Nova tarifa gera cautela e confusão no mercado

A nova taxa é uma reação à decisão da Suprema Corte dos Estados Unidos, que considerou as tarifas anunciadas no “Dia da Libertação” ilegais. O tarifaço anterior tinha como base jurídica a IEEPA . Lei de Poderes Econômicos de Emergência Internacional, que permitia a aplicação de sobretaxas de importação a todos os países sem aprovação do Congresso.

Os juízes discordaram que a lei, criada em 1977 para situações de emergência, de fato concedia ao presidente esse poder. O placar da decisão foi de 6 votos a 3. A nova carga tarifária se ampara, dessa vez, em um dispositivo de 1974. A seção 122 dá a Trump poder para impor temporariamente taxas de até 15% sobre importações quando houver déficits significativos na balança de pagamentos.

Nesse caso, a taxação expira em 150 dias, a menos que o Congresso aprove uma extensão. O governo trabalhará na emissão de tarifas “legalmente admissíveis” no paralelo, afirmou Trump

Ibovespa renova recorde histórico e avança com apoio de Petrobras, bancos e entrada de capital estrangeiro | Foto: Reprodução

A cobrança coloca em dúvida os acordos negociados recentemente pelos EUA com parceiros comerciais, já que a nova tarifa pode se sobrepor aos termos já estabelecidos. Na segunda, Trump advertiu países contra algum recuo nos entendimentos, dizendo que, se o fizerem, ele adotará tarifas muito mais altas sob diferentes leis comerciais.

O Japão solicitou aos Estados Unidos que garantam que seu tratamento sob um novo regime tarifário seja tão favorável quanto no acordo existente. Tanto a União Europeia quanto o Reino Unido indicaram que desejam manter os acordos já firmados.

Carsten Brzeski, chefe global de macroeconomia do ING, observou que, mesmo com o limite de 150 dias do atual conjunto de medidas, a incerteza comercial provavelmente não desaparecerá tão cedo.

“Porque teoricamente a próxima coisa que Trump poderia fazer é, com a interrupção de um dia, sempre renovar indefinidamente por mais 150 dias”, disse ele.

A China, por sua vez, instou Washington a abandonar suas “tarifas unilaterais”, sinalizando que está disposta a realizar outra rodada de negociações. Em meio às dúvidas sobre o cenário, o dólar ganhou terreno ante o iene, o euro e a libra. O índice DXY, que o compara a uma cesta de seis moedas fortes, avançou 0,13%, a 97,87 pontos.

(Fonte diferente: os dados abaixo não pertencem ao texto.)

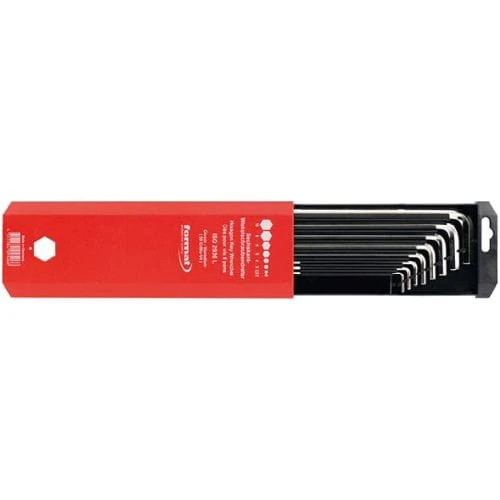 Wykonanie: DIN 911 L, ISO 2936 L. Ze stali chromowo-wanadowej, hartowany na wskroś i niklowany na wysoki połysk. Końcówki kluczy fazowane. Od rozmiaru 3 mm oznakowanie z rozmiarem, normą ISO i rodzajem materiału.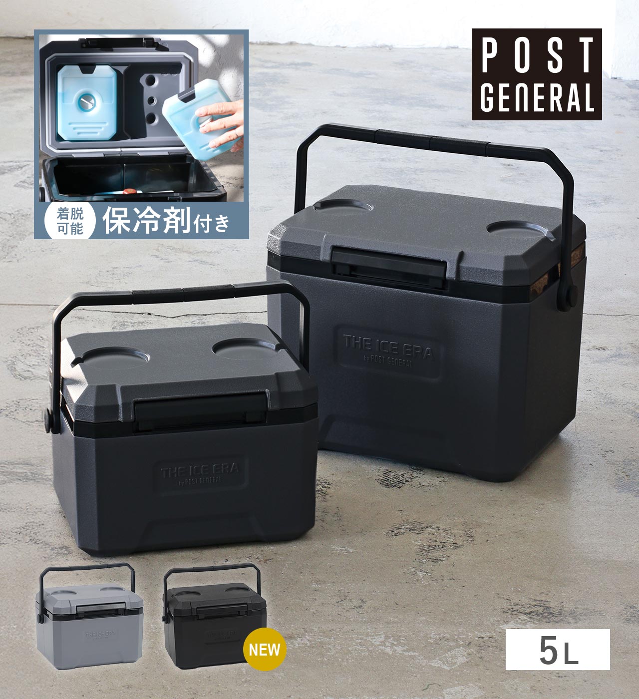 蓋裏面に取り外し可能な保冷剤が付属した機能性クーラーボックス。蓋の裏面から冷気が下がり、効率的に庫内を保冷できます。5Lサイズのクーラーボックスは、350ml缶が縦置きで6本、ペットボトルや500ml缶は横に寝かせて4本収納できるインナーサイズです。クラブなどの野外活動で1人分のお弁当や飲み物などの保冷に最適なパーソナルクーラーとしてお勧めです。12Lサイズのクーラーボックスには500ml缶、ペットボトルが縦置きで10本収納できます。蓋の表面にはドリンクホルダーが付いており、キャンプなどのアウトドアシーンでは簡易のテーブルとしてもお使いいただけます。

Cenário doméstico favorece real e ibovespa

No Brasil, os analistas repercutem os resultados das contas do governo central e do estoque de crédito, que foram divulgados nesta manhã. O governo central apresentou superávit primário de R$ 86,9 bilhões em janeiro, informou o Tesouro Nacional.

Já o estoque de crédito caíram 18,9% em janeiro na comparação com o mês anterior, segundo o Banco Central. Há uma leitura de que as novas tarifas podem ser benéficas ao país, já que são significativamente menores do que a carga que antes incidia sobre alguns produtos brasileiros. Essa visão aumenta a atratividade do mercado nacional, já beneficiado pelo fluxo de investidores estrangeiros para praças emergentes.

“Sob a ótica técnica, a cotação ainda rompeu o suporte em R$ 5,20, faixa que concentrava posições compradas relevantes. A perda desse nível desencadeou ajustes de portfólio e amplificou o movimento de apreciação do real, com redução tática de exposição à moeda americana”, diz Jaqueline Neo, especialista de câmbio e crédito da be.smart.

Já o Ibovespa se recuperou da queda da véspera. “As tensões envolvendo as negociações entre Estados Unidos e Irã voltaram a puxar o petróleo para cima e Petrobras está acompanhando o ritmo, empurrando o Ibovespa. O setor bancário avança após um pregão de realizações na segunda, e há ainda o fluxo de estrangeiros para o mercado brasileiro, o que colabora para que o dólar siga se desvalorizando”, diz Rodrigo Moliterno, chefe de renda variável da Veedha Investimentos.

Praças europeias fecharam em estabilidade, como o DAX e o FTSE, e Wall Street avançou, com os principais índices embalados por ações de tecnologia. A Anthropic anunciou dez novas ferramentas de inteligência artificial, impulsionando o setor.